Nel romanzo di Santoni, la ricerca della bellezza, del significato e dell’arte sembra trasformarsi in una trappola in cui i protagonisti si perdono, prima a Parigi poi a Berlino, come in un sogno lucido che alla fine non riescono più a controllare, e che porta il lettore a interrogarsi su come possa un luogo carico di significato e potenzialità trasformarsi in un labirinto di illusioni: «Per effetto del tempo – spiega l’autore –, è la risposta numero uno. Ma non è solo questo. C’entrano anche i soldi e come influenzano lo spazio urbano in epoca di tardo capitalismo».

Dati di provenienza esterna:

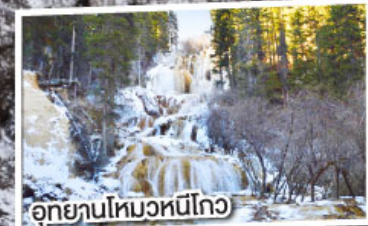
อุทยานโหมวหนีโกว
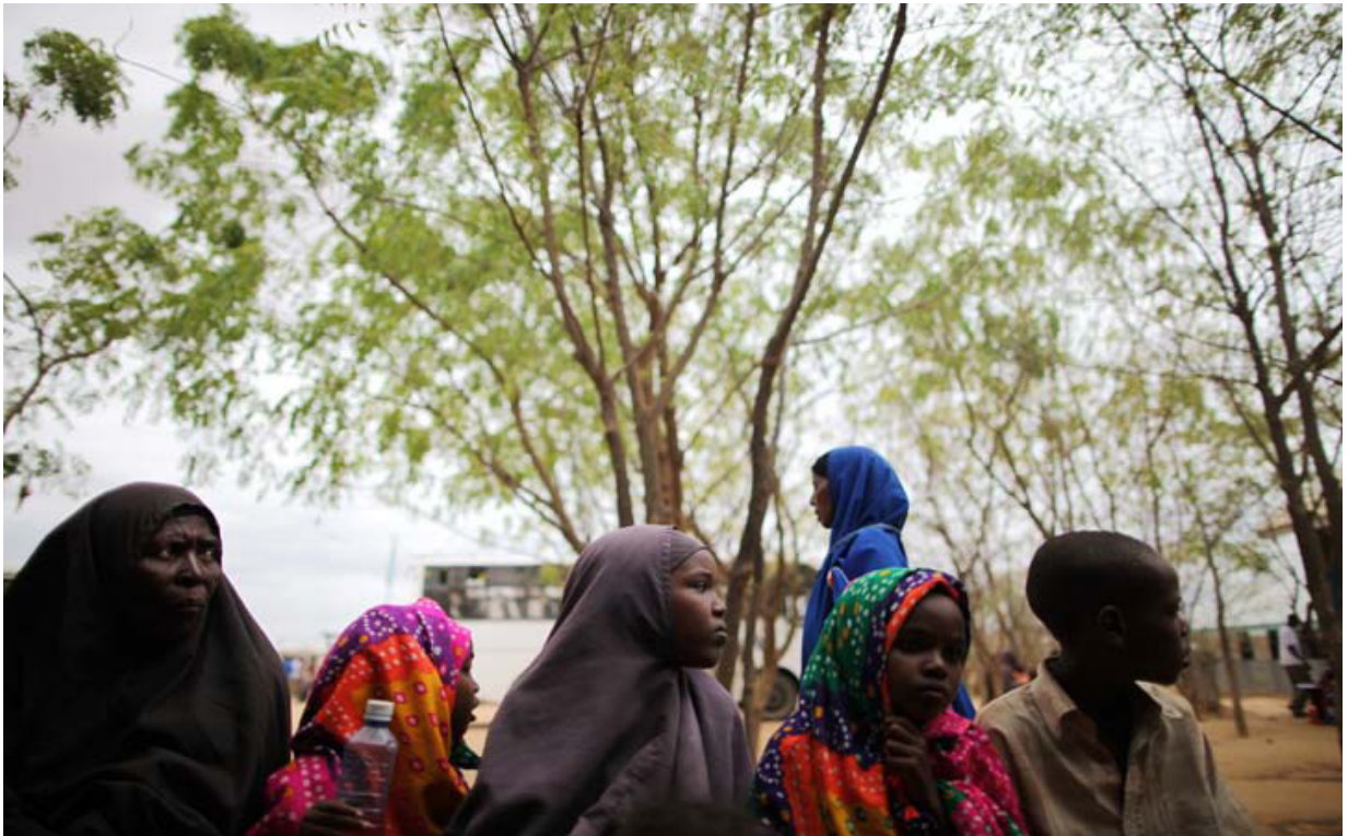
Somalis, Dadaab, Kenya.
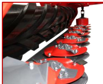
บาร์ตัดที่มีความแข็งแรงสูง STRONG MOWING UNIT
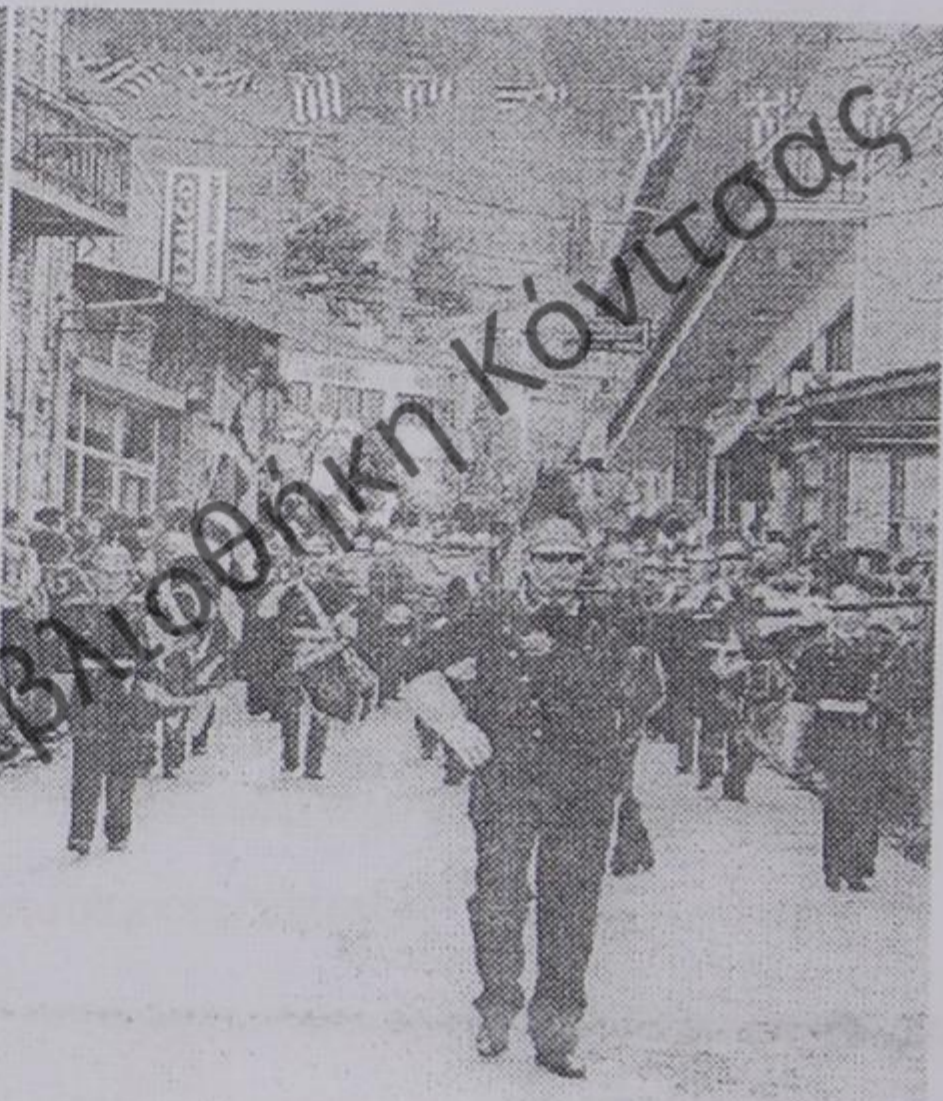
Παρέλαση στην Κόνιτσα 25 Μαρτίου 2006
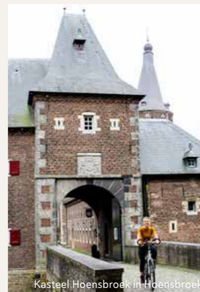
Kasteel Hoensbroek in Hoensbroek.
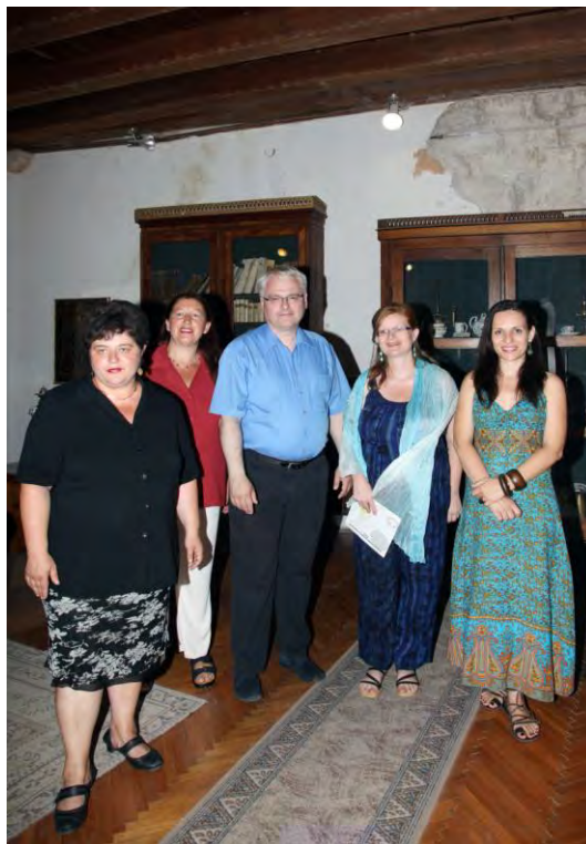
Predsjednik Ivo Josipović i djelatnice Gradskog muzeja

Modernità, gentrificazione e cambiamenti sociali potrebbero dunque aver eroso la capacità di certi luoghi di essere fucine di innovazione e ispirazione: «Il fatto che nessun aspirante artista – essendo l’aspirante artista per definizione squattrinato – possa oggi permettersi di trasferirsi a Parigi o a Londra, come non può da tempo trasferirsi a New York, e come a breve non potrà trasferirsi nemmeno a Berlino, per via dell’impennata senza controllo dei prezzi degli affitti è un problema significativo, perché le individualità atomizzate hanno meno possibilità di creare movimenti artistici, e dunque arte»… cosa che accadeva invece in passato, e lo dice bene il protagonista Martino: «Guardavo la scrivania di Breton e pensavo, facile la vita se arrivi a Parigi e ti ritrovi in ghenga coi surrealisti…».

Monte Verità e psicogeografia

Nei primi del Novecento, una fiorente attività intellettuale e artistica nacque anche al Monte Verità, che si dice fosse intriso di una certa energia: «Lo conoscevo solo di fama – racconta l’autore – ma recentemente ne ero rimasto assai impressionato in seguito a una mostra a esso dedicato al Museo del Novecento di Firenze. Essendo da sempre interessato al tema delle comunità spirituali e artistiche, tema centrale del mio romanzo La verità su tutto (ndr. Mondadori, 2022), ho sentito un’immediata affinità con tale luogo».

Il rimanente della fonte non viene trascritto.